В этом году весенние песни зазвучали рано.
Снег еще не стаял – лежал мокрыми шапками на крышах домов, скрывал двор. Лед на реке пошел трещинами, раскалывался от брошенного камня, но дальний лес все еще был тихим, белым, голые ветви тянулись к небу. Йи-Джен твердила себе: «До весны далеко», – но с каждым днем все громче звучала музыка на улицах города. Люди с гитарами и дудками собирались на площади, старые песни спорили с новыми, а потом сливались в единый поток. На фонтан – пока что сухой, безмолвный – повязали цветные веревки и ленты. Ветер трепал их, вздымал яркой волной над грязной мостовой и талым снегом.

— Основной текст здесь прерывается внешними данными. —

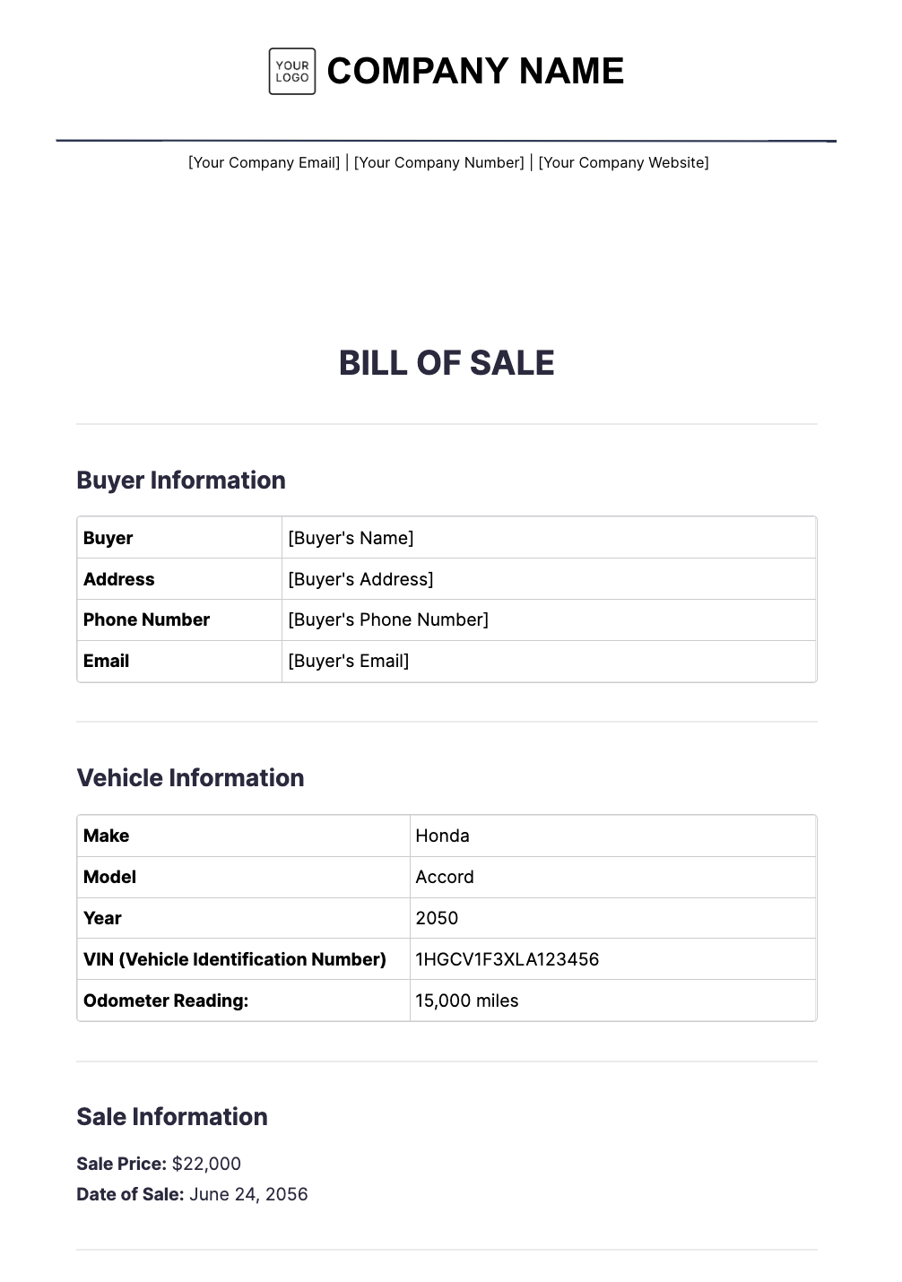 Create A Professional Bill Of Sale Document Online With Template.net’s Free Bill Of Sale Templates.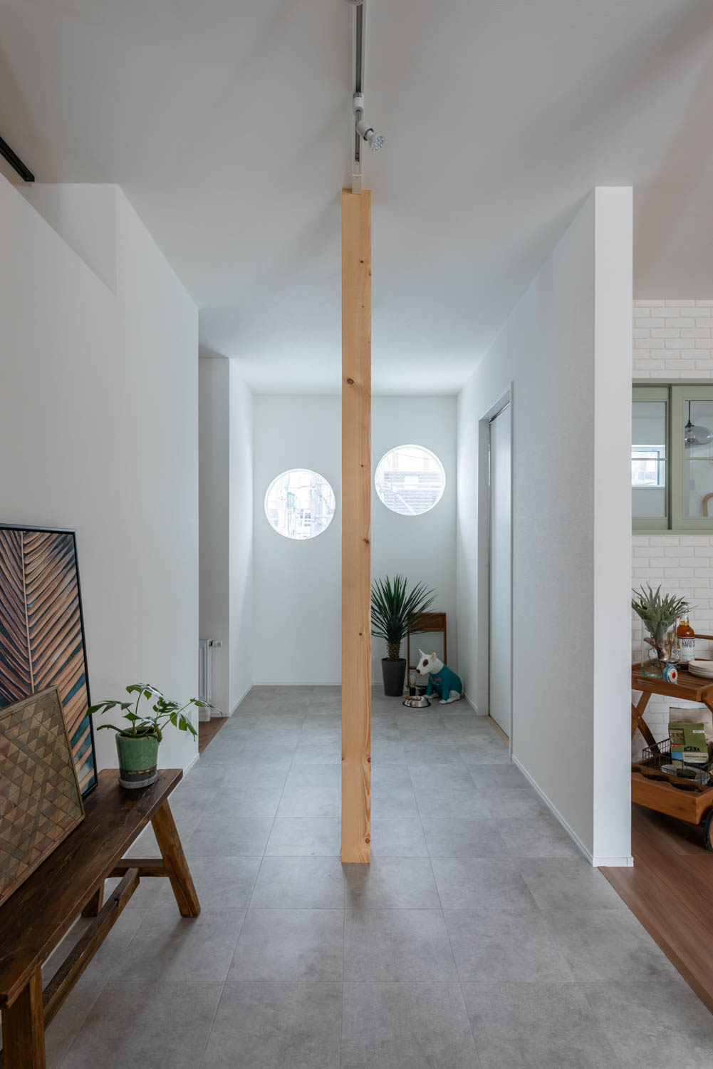 玄関を抜けると、視線の先には高さ違いの丸窓が2つ。シンプルに作られた空間の中に、その可愛らしい丸窓がとても印象的に映ります。

Йи-Джен спрашивала у мамы: «Почему так рано?», но та смеялась, не понимая ее тревоги. Указывала на безоблачное небо и на юрких птиц, по утрам щебетавших в холодном саду. «Весна уже здесь! – говорила Милин и срывалась с места, кружила по залу, одурманенная преддверием праздника. – Ты уже придумала себе платье? Времени мало!»
Впервые в жизни Йи-Джен не хотела, чтобы растаял снег.

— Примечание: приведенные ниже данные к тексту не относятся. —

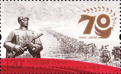 中國(guó)郵政定于10月25日發(fā)行《中國(guó)人民志愿軍抗美援朝出國(guó)作戰(zhàn)70周年》紀(jì)念郵票一套1枚。
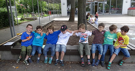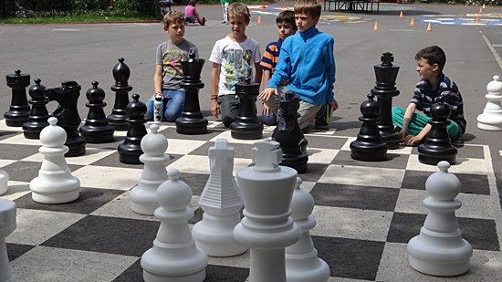 05.08.2014 - Das Vierkampf-Finale am Dienstag, den 22.Juli 2014, wurde zum krönenden Abschluss eines erfolgreichen Schuljahres 2013/2014. Der Bronceplatz - der zwei dienstags und donnerstags Gruppen - aus dem Schulschachturnier "Hibbdebach-Dribbdebach" mit dem Pokalgewinn war schon wichtig, aber jetzt stand die individuelle Meisterschaft an. Alle Schüler der Schach AG waren zur Stelle und freuten sich bei herrlichem Sonnenschein auf die finale Entscheidung. Heute stand noch das Einzelrennen und der Staffellauf um die Akazie "Weiße Rose" an und das alles entscheidende Team-Schachmatch auf dem neuen Freiluftschach. Es herrschte absolute Wettkampfatmosphäre. Keiner wollte auch nur einen Zentimeter beim Laufen verschenken und alle steckten den Kopf beim Team-Schach zusammen und wollten das beste Schach "ihres Lebens" zusammen spielen. Doch ehe es richtig zur Sache ging, nahmen die Jungs eine Anleihe bei der kürzlich erfolgreich ausgetragenen Fussballweltmeisterschaft in Brasilien und "schmetterten" textfest die deutsche Hymne: "Einigkeit und Recht und Freiheit für das deutsche Vaterland ... ". Es kam so einfach aus den Jungs heraus ohne jegliche Anweisung, ich war tief beeindruckt. Die kleinen Kerle, Schulter an Schulter mit der Hand auf dem Herzen ...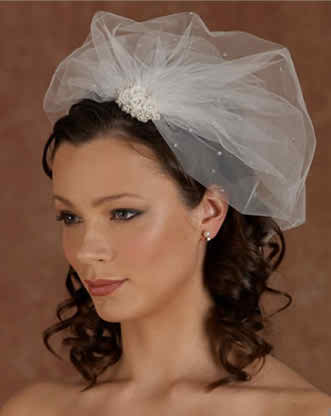 Another interesting and modern bridal hair accessory that most of the brides apply for: the birdcage veil that can be placed on one side of the face and then turned back as to uncover your face…. Such a type of bridal veil can be made of fabric that imitates net or of semi transparent type. Also, the attachments to such a bridal veil are definitely interesting and you can apply for glittery stones, shells or even feathers. You make the pick!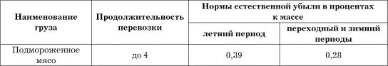 Нормы естественной убыли замороженного мяса при перевозках автомобильным транспортом

Дедушкин помощник теперь приходил чаще обычного. Сперва долго топал на крыльце – стряхивал снег и грязь. Йи-Джен научилась узнавать этот звук. Представляла себя лесным зверьком из рассказов Криджи, зверьком, помнящим поступь любого врага. Но не убегала в свою комнату, не таилась – шла навстречу, ждала в нижнем зале.
Следила, как дедушкин помощник входит в дом, вешает на крюк у двери плащ, отороченный темным мехом. Кивает служанке, расспрашивает Милин о делах и здоровье. С улыбкой смотрит на Йи-Джен, а в глазах у него притворное дружелюбие, липкое, как патока. Говорит какую-нибудь милую бессмыслицу, словно Йи-Джен еще совсем ребенок.
Каждый раз Йи-Джен сдерживалась, улыбалась в ответ и старалась выглядеть как можно глупее. «Через год или два она начнет взрослеть». Йи-Джен помнила эти слова и весь разговор, подслушанный осенней ночью. «Ритуал», – сказал тогда дедушка. И еще: «Раньше весны вряд ли кто-то к нам приедет». Но весна уже наступила, и помощник бывал у дедушки почти каждый день, они совещались о чем-то за закрытыми дверьми.
Снег исчез внезапно. Вечером еще лежал потемневшими буграми тут и там, а утром пропал, остались только звенящие ручьи и лужи, в которых отражалось чистой небо.
– Что вы такие хмурые? – спросила Милин у Йи-Джен и Криджи. – В такой день нельзя сидеть дома! Бегите скорей к реке, ищите первоцвет! А то все оборвут без вас!
Она вручила им корзины и почти силком вытолкала на улицу.
К реке они шли медленно, держась за руки. Кругом все журчало и искрилось, шумели ручьи, солнце слепило глаза, праздничные ленты на столбах и деревьях казались особенно яркими. Йи-Джен почувствовала, как против воли в груди рождается радость, кружится водоворотом. «Я что-нибудь придумаю, – решила Йи-Джен. – Придумаю прямо сегодня». Криджи крепче стиснул ее пальцы. Должно быть, понял без слов. С тех пор, как она рассказала ему про подслушанный разговор, Криджи внимательно, с опаской смотрел и на дедушку и на всех гостей дома.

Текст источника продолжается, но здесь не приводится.